**WHAT YOU NEED TO DO**
Could you please output all of the data exactly, without the images?

**DATASET SECTION**
● ● ●
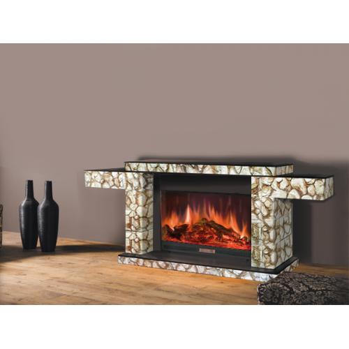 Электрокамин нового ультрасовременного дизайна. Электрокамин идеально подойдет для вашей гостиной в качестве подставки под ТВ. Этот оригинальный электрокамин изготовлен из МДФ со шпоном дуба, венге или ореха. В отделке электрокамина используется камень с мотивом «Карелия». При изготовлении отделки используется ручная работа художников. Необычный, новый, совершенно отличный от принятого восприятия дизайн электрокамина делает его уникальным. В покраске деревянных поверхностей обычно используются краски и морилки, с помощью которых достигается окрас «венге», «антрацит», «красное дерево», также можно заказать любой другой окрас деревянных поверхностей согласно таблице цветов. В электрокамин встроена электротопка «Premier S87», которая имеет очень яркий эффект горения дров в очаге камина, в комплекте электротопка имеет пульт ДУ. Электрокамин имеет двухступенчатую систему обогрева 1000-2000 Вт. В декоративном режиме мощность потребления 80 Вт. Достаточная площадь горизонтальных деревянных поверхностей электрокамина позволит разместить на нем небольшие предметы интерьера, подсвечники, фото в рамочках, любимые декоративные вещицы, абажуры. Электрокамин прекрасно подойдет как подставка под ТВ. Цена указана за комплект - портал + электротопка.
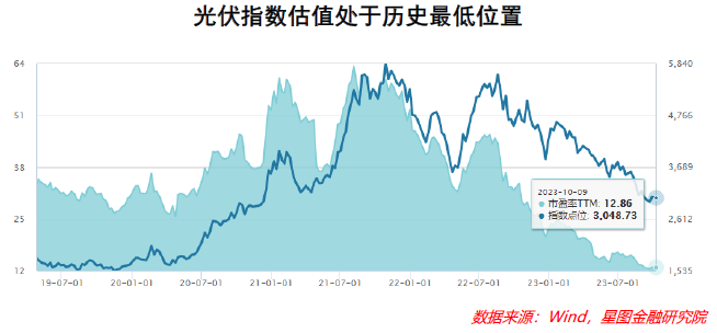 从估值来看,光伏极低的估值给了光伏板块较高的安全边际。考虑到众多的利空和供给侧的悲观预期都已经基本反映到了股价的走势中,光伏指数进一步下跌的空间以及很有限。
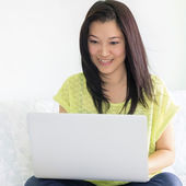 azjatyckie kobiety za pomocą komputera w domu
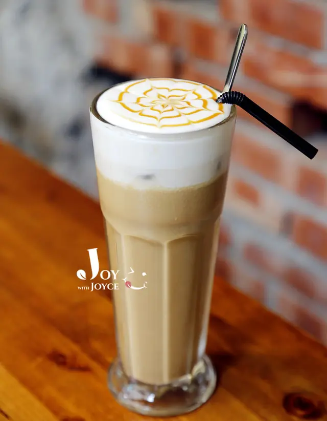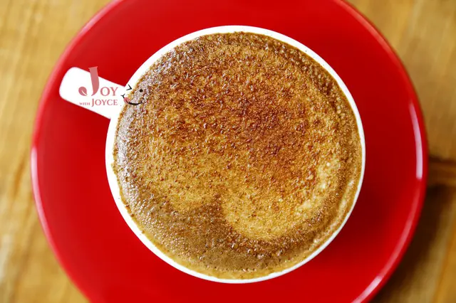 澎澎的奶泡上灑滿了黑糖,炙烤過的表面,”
● ● ●
**SOLUTION TO THE PROBLEM**
 Электрокамин нового ультрасовременного дизайна. Электрокамин идеально подойдет для вашей гостиной в качестве подставки под ТВ. Этот оригинальный электрокамин изготовлен из МДФ со шпоном дуба, венге или ореха. В отделке электрокамина используется камень с мотивом «Карелия». При изготовлении отделки используется ручная работа художников. Необычный, новый, совершенно отличный от принятого восприятия дизайн электрокамина делает его уникальным. В покраске деревянных поверхностей обычно используются краски и морилки, с помощью которых достигается окрас «венге», «антрацит», «красное дерево», также можно заказать любой другой окрас деревянных поверхностей согласно таблице цветов. В электрокамин встроена электротопка «Premier S87», которая имеет очень яркий эффект горения дров в очаге камина, в комплекте электротопка имеет пульт ДУ. Электрокамин имеет двухступенчатую систему обогрева 1000-2000 Вт. В декоративном режиме мощность потребления 80 Вт. Достаточная площадь горизонтальных деревянных поверхностей электрокамина позволит разместить на нем небольшие предметы интерьера, подсвечники, фото в рамочках, любимые декоративные вещицы, абажуры. Электрокамин прекрасно подойдет как подставка под ТВ. Цена указана за комплект - портал + электротопка.
 从估值来看,光伏极低的估值给了光伏板块较高的安全边际。考虑到众多的利空和供给侧的悲观预期都已经基本反映到了股价的走势中,光伏指数进一步下跌的空间以及很有限。
 azjatyckie kobiety za pomocą komputera w domu
 澎澎的奶泡上灑滿了黑糖,炙烤過的表面,”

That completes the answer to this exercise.